VCT were separated from other cell types by negative immunoselection with a monoclonal antibody W6/32 (Dako, High Wycombe, UK) that recognises epitopes common to human leucocyte antigen (HLA) class I antigens (Lata et al. 1992). Initially, cells were incubated with 20% (v/v) rat serum in a pH 7.4 buffer comprising 50 mM PBS, 0.5% (w/v) BSA and 2 mM EDTA for 20 min at 4 °C with constant shaking. Cells were then washed in buffer and incubated for 1 h at room temperature with mouse anti-HLA class I antigen (clone W6/32) at a concentration of approximately 1 μg per 106 cells in a total volume of 0.5 ml buffer. After further washing the cells were incubated with 10% (v/v) rat anti-mouse IgG magnetic microbeads (Miltenyi Biotec, Bisley, UK) for 30 min at room temperature. The cell suspension was then passed through a magnetic separation column and cells not expressing HLA class 1 antigens were eluted with 15 ml buffer. After further washing cells were plated out into 96-well plates (approximately 20 000 cells/well) in RPMI containing 2 mM l-glutamine, penicillin (100 IU/ml) and streptomycin (100 μg/ml) supplemented with 10% FCS in an atmosphere containing 5% CO2.
Immunostaining
The purity of the primary VCT was assessed by immunostaining. Cells in suspension were centrifuged onto glass slides at 500 r.p.m. for 3.5 min at room temperature in a Cytospin centrifuge and then stained for the presence of a specific trophoblast cell cytoskeletal marker cytokeratin 7 (Haigh et al. 1999) and for vimentin, a marker of stromal cells, using an avidin–biotin complex (ABC) detection system (Vector Laboratories, Burlingame, CA, USA). Cells were fixed in acetone:methanol (1:1) for 5 min and incubated for 30 min with a 10% hydrogen peroxide solution (in methanol) for 30 min to quench any endogenous peroxidase activity. After washing with PBS cells were incubated for 20 min with normal goat serum (1 in 67 dilution). Cells were washed twice with PBS and then incubated with a monoclonal antibody (50 μl, 1 in 25 dilution) to cytokeratin 7 or vimentin (Dako) for 1 h. Cytokeratin 7 or vimentin positive cells were visualised by further incubations with biotinylated goat anti-mouse IgG, HRP-labelled ABC and diaminobenzidine according to manufacturers’ instructions. Cells were then lightly counterstained with Ehrlich’s Haematoxylin (Merck, Poole, UK).
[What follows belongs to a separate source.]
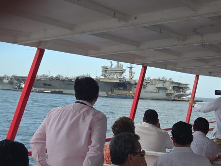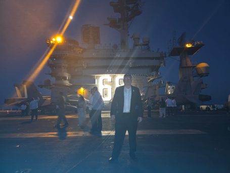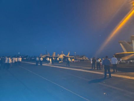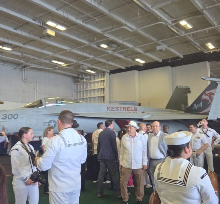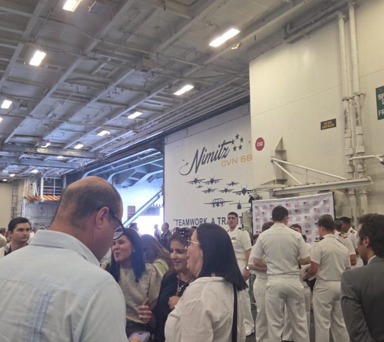 The formal part of the visit began with the arrival of senior leadership via the aircraft elevator—always an impressive sight. Speeches followed from the The US Ambassador to Panama, Marine Corps General Francis L. Donovan, the Commander of U.S. Southern Command (SOUTHCOM), Rear Adm. Cassidy Norman, the commander of Carrier Strike Group 11 (CSG-11), and the Captain Joseph J. Furco Commanding Officer of USS Nimitz.

Effect of IGFs and IGFBP-1
Primary VCT were plated out at a concentration of approximately 20 000 cells/well in 96-well plates in RPMI containing 2 mM l-glutamine, penicillin (100 IU/ml) and streptomycin (100 μg/ml) supplemented with 10% FCS in an atmosphere containing 5% CO2. After overnight incubation the medium was changed to serum-free and was supplemented with IGF-I or IGF-II (Peninsular Laboratories, St Helens, UK: 0, 1, 10 and 100 nM) in the presence or absence of 1 nM phosphorylated or dephosphorylated IGFBP-1 (Sigma, Poole, UK), or with phosphoisoforms of IGFBP-1 only (0.1, 1, 10, 100 nM), and incubated for a further 96 h with a change of medium after 48 h incubation. The IGFBP-1 preparations were ≥95% pure with the remaining ≥5% comprising other IGFBP-1 isoforms. Triplicate wells were run for each treatment and experiments were repeated at least three times.
Cell numbers
At the end of the experiments the medium was removed from the cells, which were stored at −20 °C until assay for cell numbers. This method relies on the reduction of a synthetic tetrazolium compound, 3-(4,5-dimethylthiazol-2-yl)-5-(3-carboxymethoxyphenyl)-2-(4-sulphophenyl)-2H-tetrazolium, inner salt (MTS; Promega UK Ltd) by NADPH or NADH produced by dehydrogenase enzymes in metabolically active cells. Medium was removed from cells at the end of each experiment and replaced with 100 μl fresh medium and 20 μl MTS reagent. After 2.5 h incubation the A450 was determined. Cell number was determined by comparing absorbance from each well with that from wells containing a known number of cells.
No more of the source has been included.